The transmission spectra of at least two filters of the plurality of filters are different from each other;

restoring the partial image data includes restoring using at least 1 restoration table corresponding to the at least 1 band;

the restoration table indicates a spatial distribution of light transmittance of each band of the filter array in each of the plurality of regions.

6. The method according to any one of claim 1 to 5,

further comprising obtaining region division data corresponding to the type of the object;

the plurality of areas are determined based on the image data and the area division data.

7. The method of claim 6, wherein,

the at least 1 band is selected based on the region division data.

8. The method of claim 6 or 7, wherein,

the region division data includes region information for determining the plurality of regions;

the method further includes obtaining reference data including information of a band corresponding to the region information based on the region division data;

the at least 1 band is selected based on the reference data.

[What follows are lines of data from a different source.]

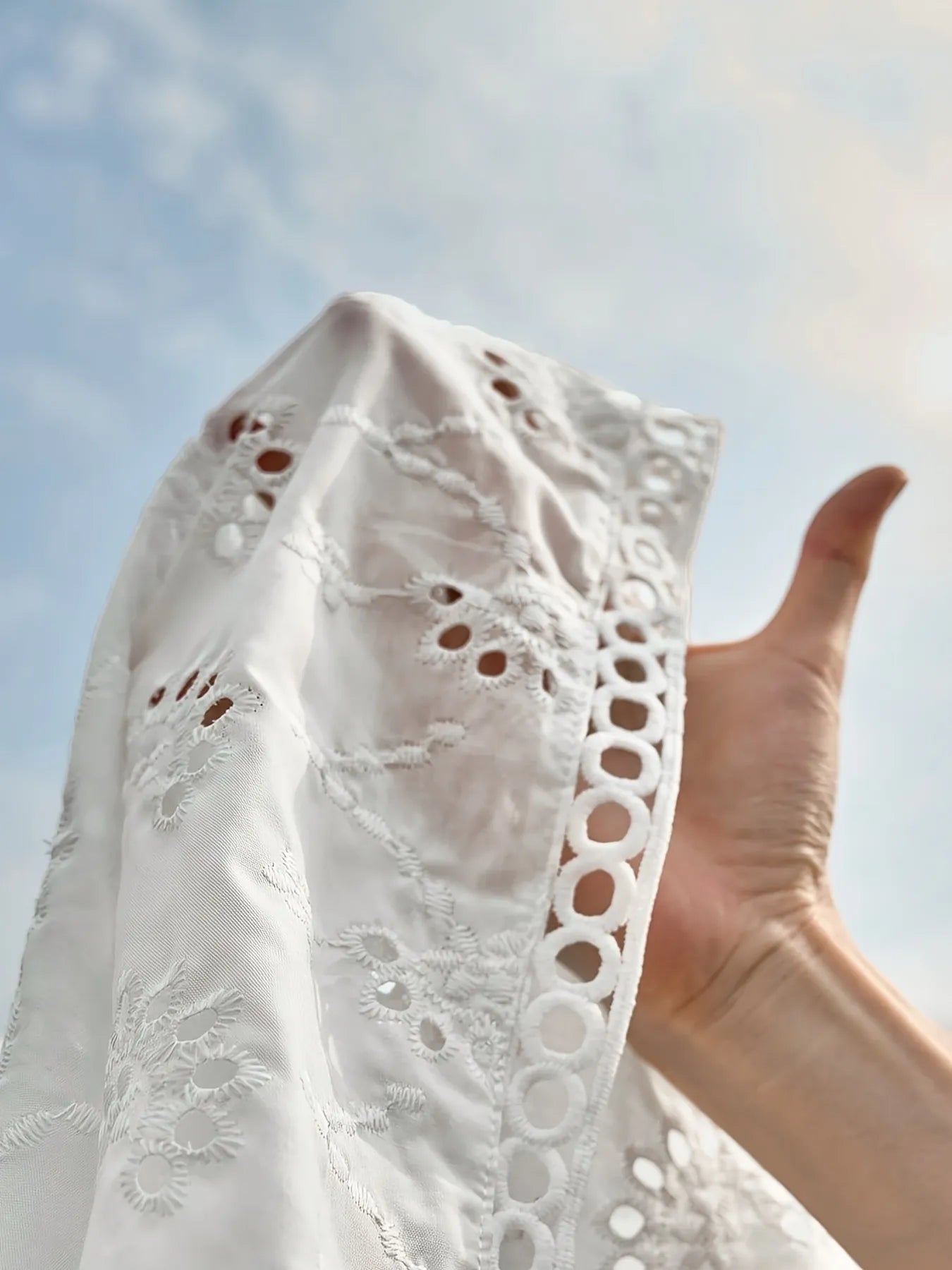 • Kenmerken: Strikdetail, Geborduurd, Eyelet-patroon
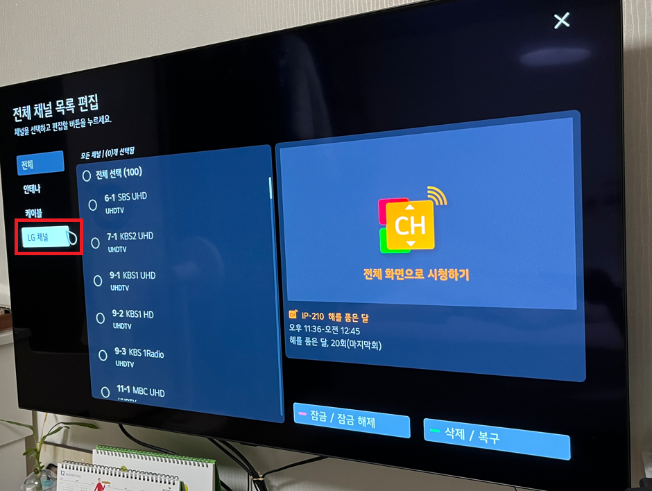 그리고 TV를 끄고 다시 위 메뉴로 가서 채널을 복구를 하자.
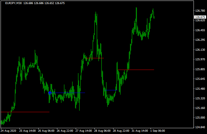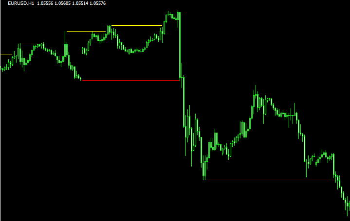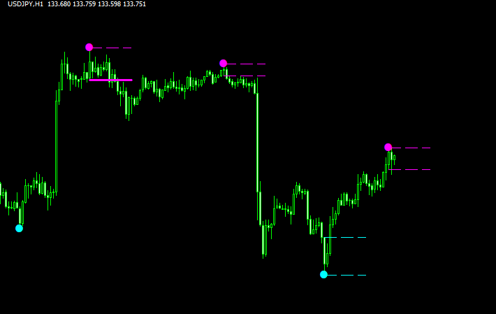 主にMT4にデフォルトで入っている「フラクタル」を利用して、相場の高値や安値を認識してラインを引くインジです。
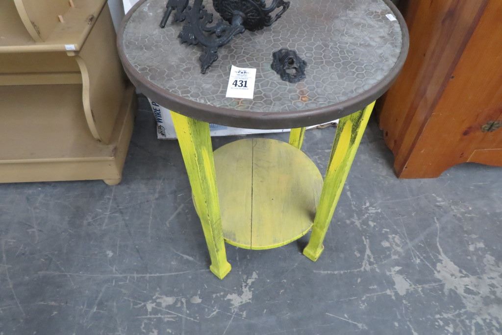 Round Mixed Metal Top Distressed Side Table
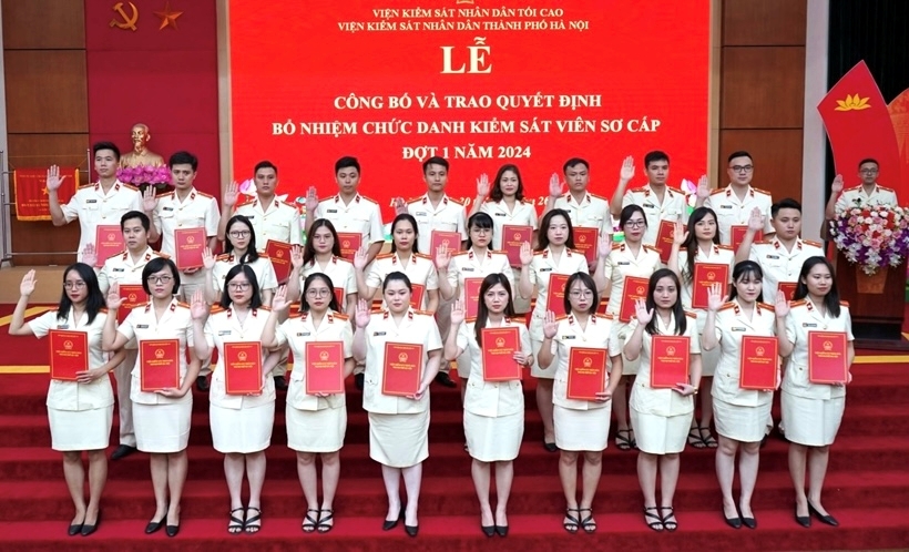 | Các đồng chí được trao quyết định bổ nhiệm chức danh Kiểm sát viên sơ cấp thuộc VKSND Thành phố Hà Nội tuyên thệ. (Ảnh minh hoạ) |
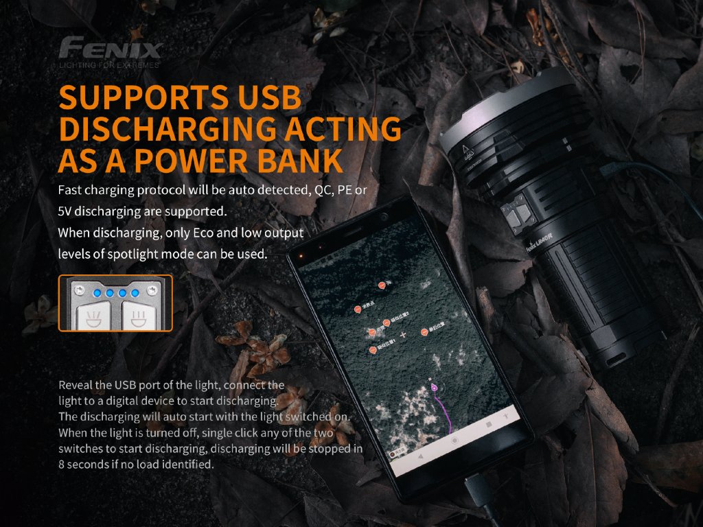 Svietidlo je naviac vybavené indikačnými LED, ktoré ukazujú stav nabitia akumulátora. Svietidlo je tiež možné núdzovo použiť aj ako POWERBANK a nabíjať z nej ďalšie USB zariadenia. Aj napriek obrovskému výkonu si svietidlo uchováva prekvapivo kompaktné rozmery, dĺžka je len 15,4 centimetra a hmotnosť je 698 gramov vrátane akumulátora. Toto vyhľadávacie svietidlo je vhodné napríklad pre stráženie veľkých areálov, služobné použitie či prieskumné a záchranné operácie a pre všetkých nadšencov do svietidiel.

9. The method according to any one of claim 6 to 8, wherein,

Further comprises:

updating the regional division data; and

updating the plurality of areas.

10. The method of claim 9, wherein,

and updating the at least 1 wave band.

11. The method according to any one of claim 6 to 10, wherein,

the object is an industrial product;

the area division data includes data representing a component layout of the industrial product.

12. The method according to any one of claim 6 to 10, wherein,

the object is a food processed product;

the region division data includes data indicating a layout of the contents of the food processed product.

13. The method according to any one of claim 6 to 11, wherein,

the region division data is generated by performing image recognition processing on an image of the object in which no foreign matter is present.

14. A processing device is provided with:

a processor; and

a memory storing a computer program executed by the processor;

it is characterized in that the method comprises the steps of,

the computer program causes the processor to execute:

acquiring image data of the object including information of 4 or more bands;

Extracting local image data corresponding to at least 1 band out of the 4 or more bands from the image data for each of a plurality of regions of the object;

detecting a foreign object of the object for each region based on the partial image data; and

outputting data representing the detection result;

the at least 1 band is selected corresponding to each of the plurality of regions.